To Show that $6$ divides $n$ if $6$ $|$ $(p_1 ^2 + p_2 ^2 + p_3 ^2 ......... p_n ^2)$ where $p_i$ is a prime$ Let $n$ be a positive integer and there be $p_1,p_2,p_3,........p_n$ prime numbers such that all of them are greater than $5$. If $6$ divides $p_1 ^2 + p_2 ^2 + p_3 ^2+\ldots +p_n ^2$, prove that $6$ divides $n$.
NOTE:- This problem is the $2nd$ question of $1998$ $RMO$ (Regional Mathematical Olympiad).
I tried using congruences with $2$ and $3$ on the first condition but it does not work.
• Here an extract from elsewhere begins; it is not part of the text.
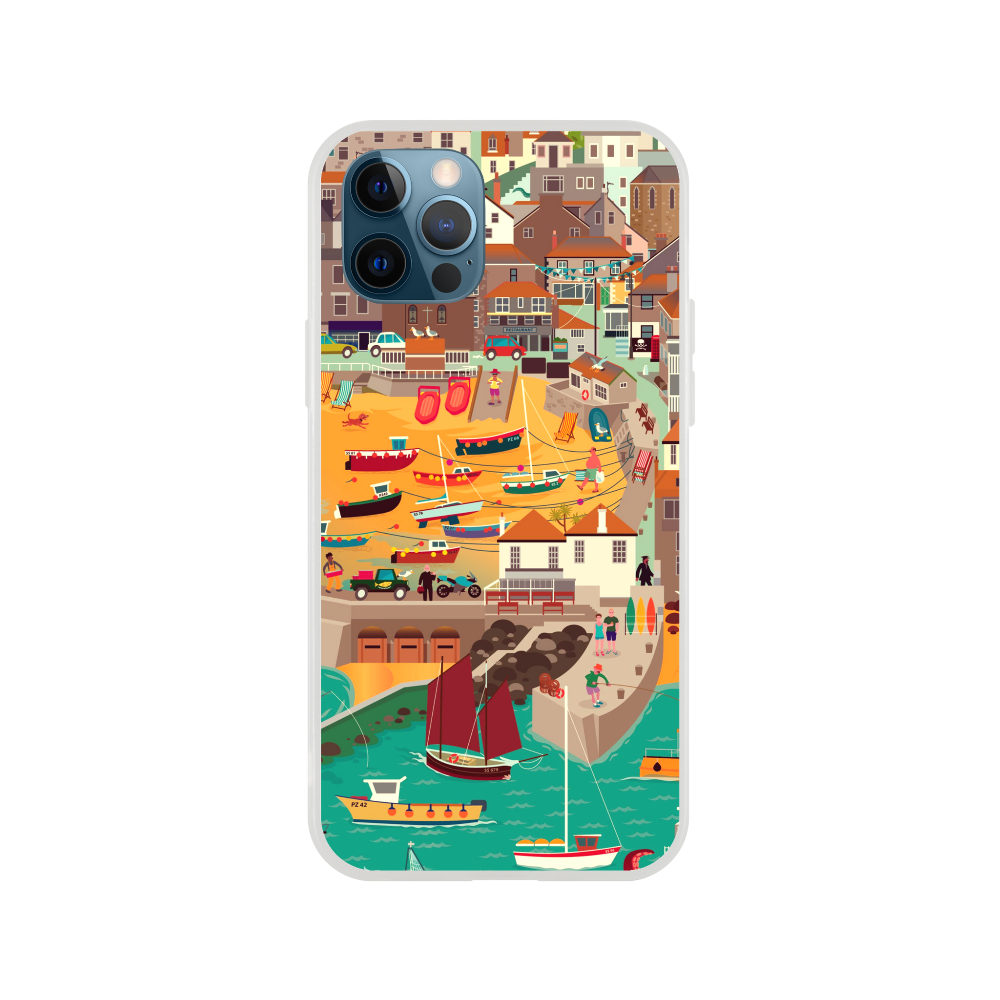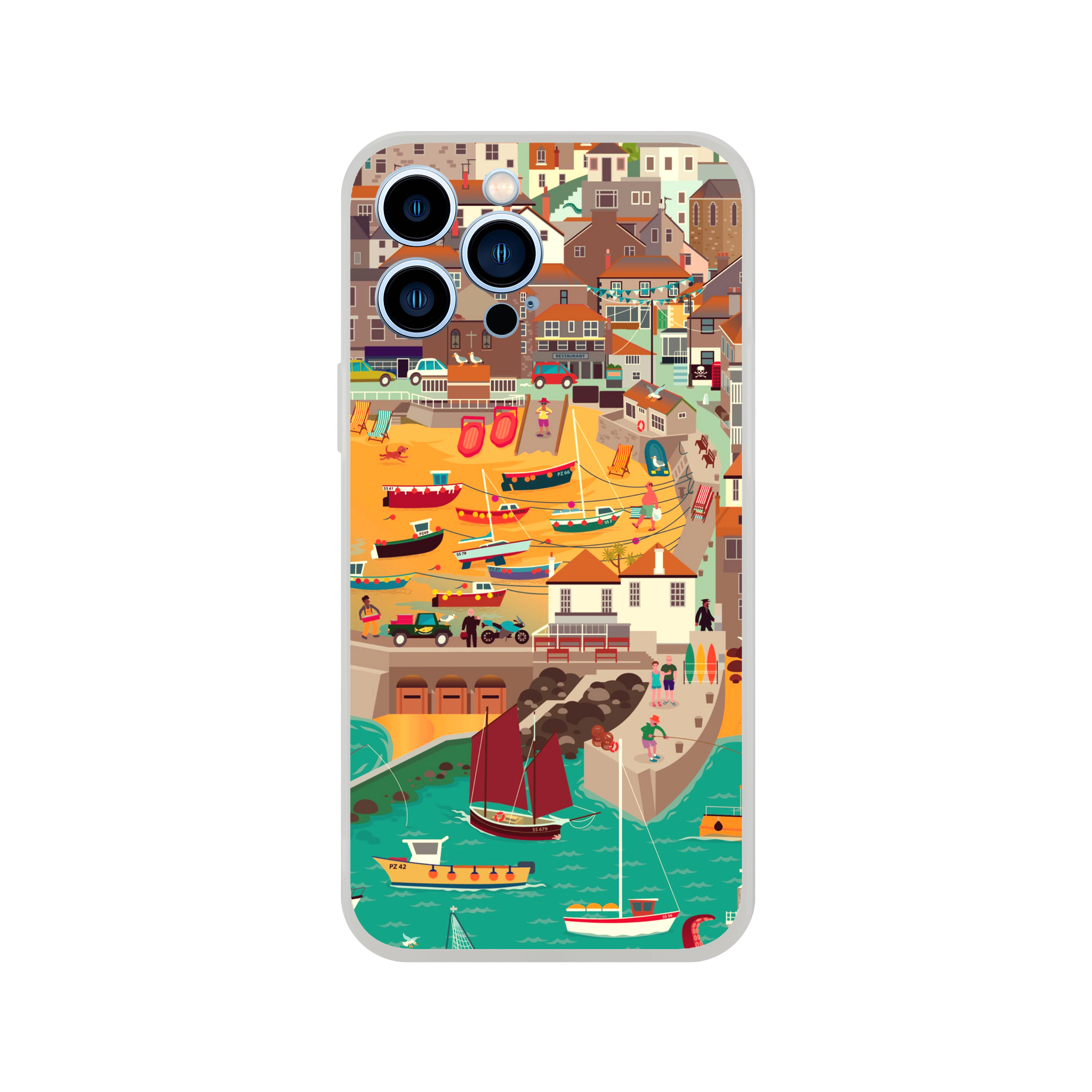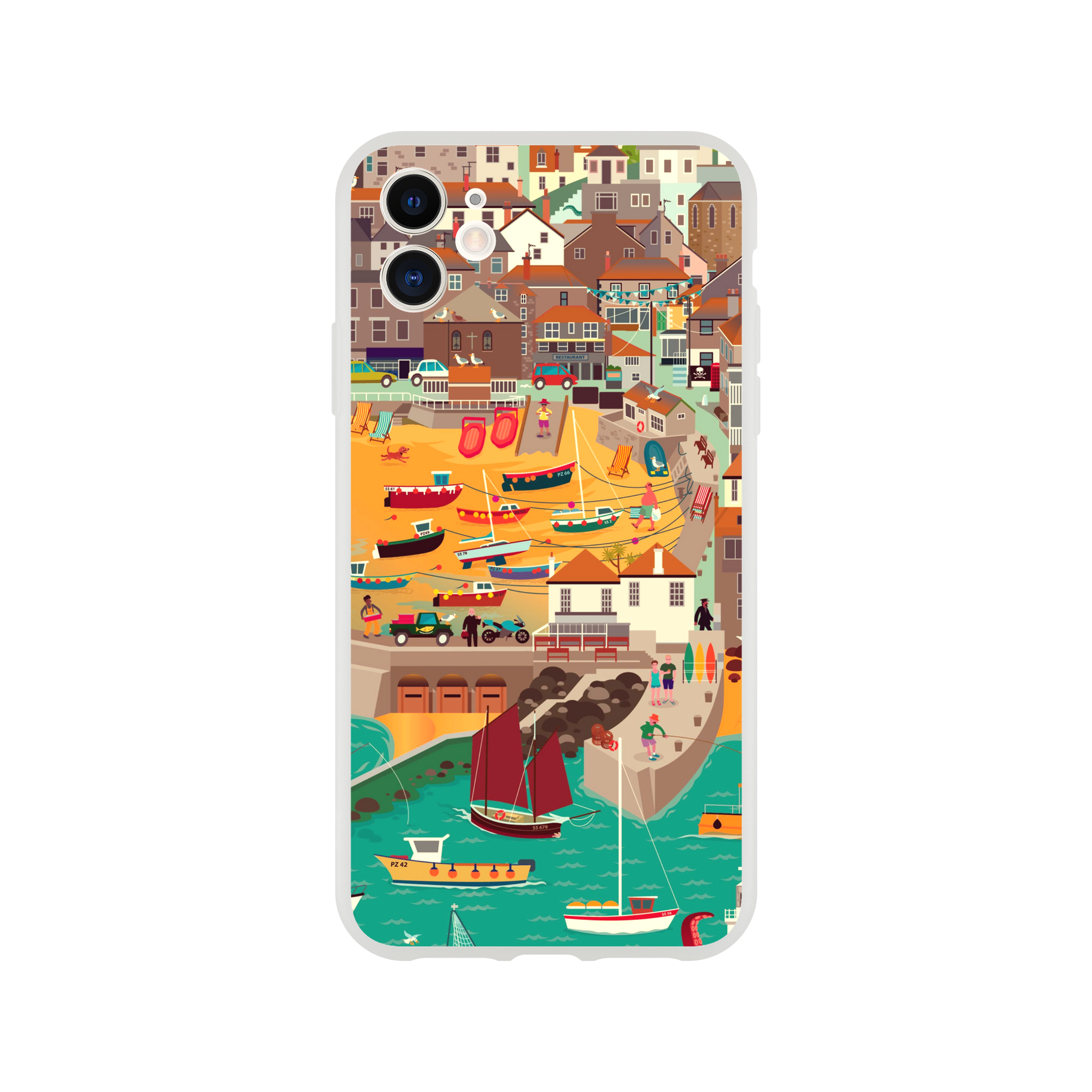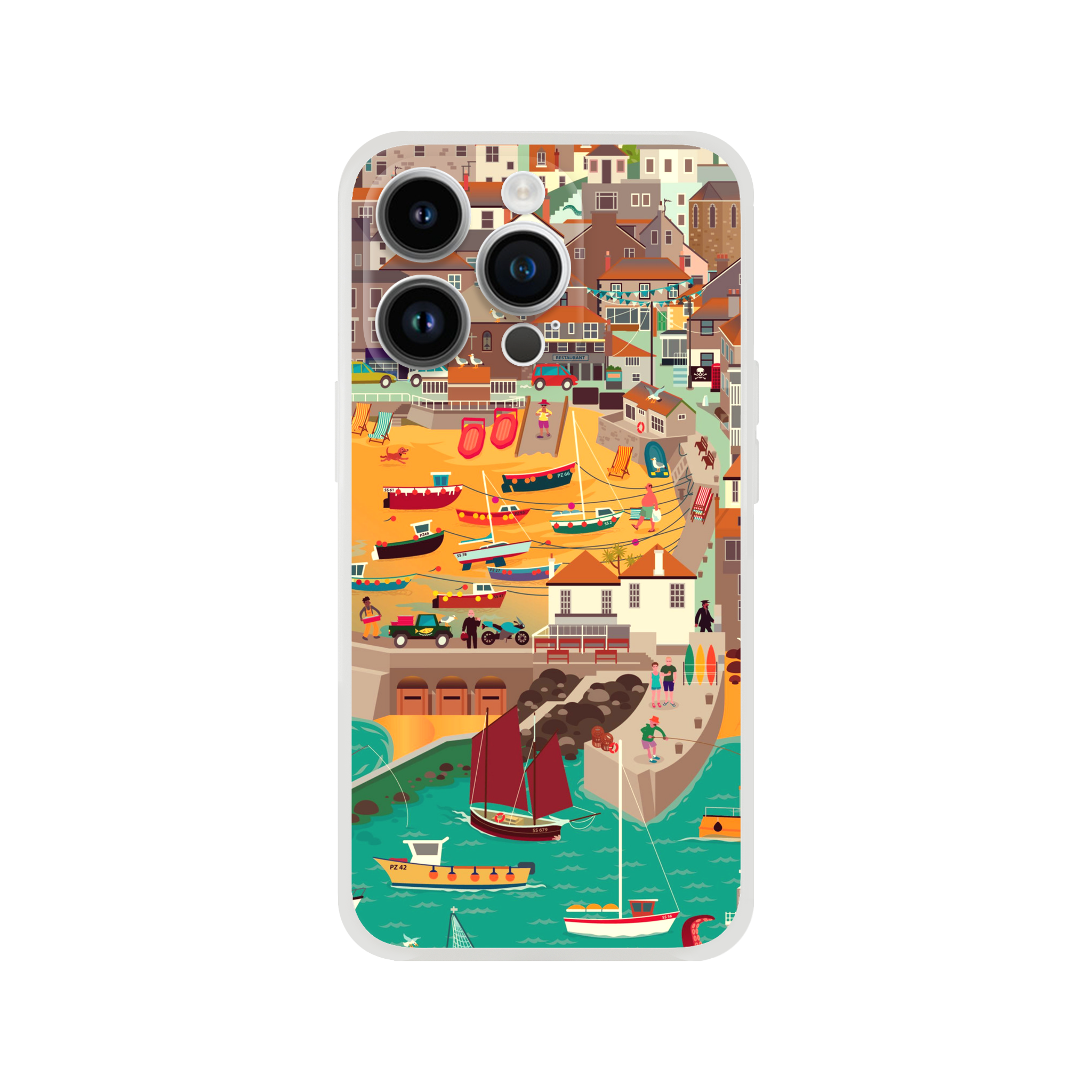 The St Ives Harbour Flexi case shows a detail from the Planet St Ives artwork. This gorgeous illustration shows the Harbour beach with boats and holidaymakers and the beautiful St Ives buildings.

 A: Notice that every prime$>3$ is of the form $6n\pm1$, So square of every such prime will be $36n^2\pm12n+1$, so when you are adding all those squares, you will get something like: 
$36(n_1^2+n_2^2+n_3^2......)+12(\pm n_1+\pm n_2.....)+ n(1)$..
The two terms containing $6$ and $12$ are divisible by $6$, the divisibility of whole by $6$ depends upon divisibilty of $n$ by $6$ and vice versa.
A: The sum of squares of $n$ odd numbers is $\equiv n\pmod 8$ because a single odd square is $\equiv 1\pmod 8$; similarly the sum of squares of $n$ numbers not divisible by $3$ is $\equiv n\pmod 3$. Hence under the given conditions, we even have $p_1^2+\ldots +p_n^2\equiv n\pmod {24}$, but of course in particular $p_1^2+\ldots +p_n^2\equiv n\pmod {6}$.
A: Using congruences on $2$ and $3$ works as follows:
For all primes $p_i\ge 5$, we know that $2 \nmid p_i$ and $3\nmid p_i$. Therefore $p_i^2\equiv 1 \bmod 2$ and $p_i^2\equiv 1 \bmod 3$, which immediately gives us that $p_i^2 \equiv 1 \bmod 6$ by the Chinese Remainder Theorem.
Clearly adding $n$ such prime squares to a total $s$ will only give us $s\equiv 0\bmod 6 $ (that is, $s\mid 6$) if $n\mid 6 $ also.